И не тратя лишних слов, он велел слугам раздеть девушку, а ее заставил принять соответствующую позу.
— Не бойся, — увещевал он ее, — я каждый день сношаю совсем маленьких девочек, и некоторые выдерживают.
По виду русского мы поняли, что сопротивление только сильнее разъярит его, и постарались больше не выражать своих чувств.
— Это мой маленький каприз, — шепнул мне злодей, — я не могу справиться с ним. Эта стерва всерьез волнует меня, черт ее побери с ее задницей! Убью я ее или только покалечу — какая разница: в любом случае я подарю вам парочку других, самых свежих и обольстительных.
Пока он таким образом утешал меня, двое наложниц готовили отверстие, смачивали слюной инструмент и вставляли его между ягодиц. Минский имел большой опыт в таких делах и проделал ужасную операцию без видимых усилий: два сокрушительных толчка, и его таран вломился в самое чрево жертвы; все произошло настолько молниеносно, что мы даже не успели заметить, как дрожащая от нетерпения масса плоти исчезла из виду; распутник испустил торжествующий стон, Августина лишилась чувств, и по ее бедрам медленно поползла густая кровь. Минский истаивал от блаженства и в то же время возбуждался все сильнее; его окружили четыре девушки и четверо мальчиков — исполнительные, вышколенные рабы без излишней суеты делали свое дело, подготавливая хозяина к кульминации; Августина, уже бездыханная, лежала под тушей своего палача, а тот, ругаясь на чем свет стоит, подстегивал свою страсть и наконец взорвался как вулкан, и в тот же миг рывком дернул за веревки.
Шестнадцать орудий смерти сработали одновременно, и шестнадцать привязанных к колоннам девушек вскрикнули в один голос и расстались с жизнью: одну в самое сердце поразил кинжал, другая получила пулю в висок, третьей перерезало горло — словом, каждая приняла свою смерть, не похожую на смерть несчастных своих подруг.
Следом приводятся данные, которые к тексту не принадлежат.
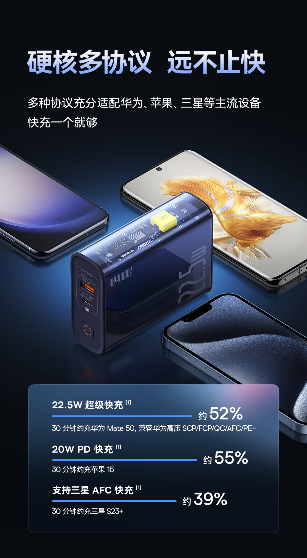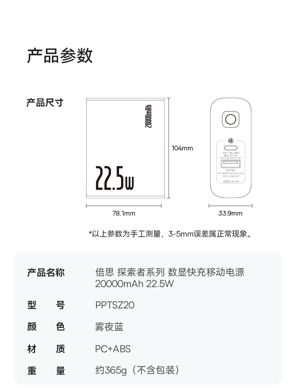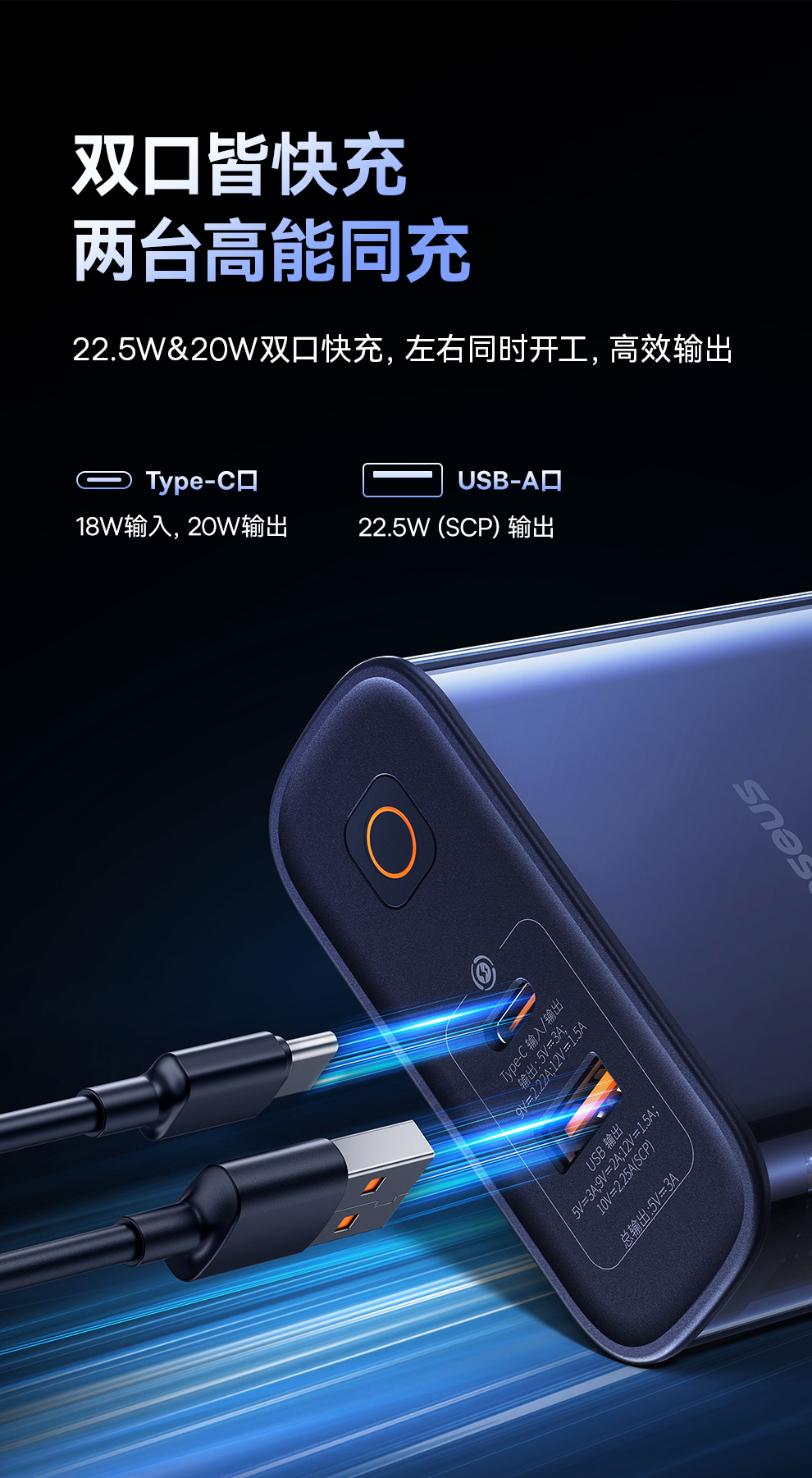倍思 探索者系列 数显快充移动电源10000mAh/10000mAh 22.5W 雾夜蓝

— Сдается мне, что ваша Августина была права, — холодно сказал Минский. — Предчувствия не обманули ее.
Он поднялся на ноги, и мы увидели тело бедной девушки: на нем зияли десять глубоких ран, нанесенных кинжалом. Я до сих пор не могу понять, каким образом проказник умудрился сделать это незаметно для нас.
— Да, я обожаю душить этих сучек, когда совокупляюсь с ними, — равнодушным, даже каким-то меланхоличным тоном заявил жестокий распутник. — Однако давайте обойдемся без слез: я обещал, что подарю вам двух самых красивых рабынь, и сдержу свое слово… Я ничего не мог с собой поделать, друзья мои, некоторые задницы просто неотразимы. Дело в том, что в такие минуты смертные приговоры, помимо моего сознания, выносит моя страсть.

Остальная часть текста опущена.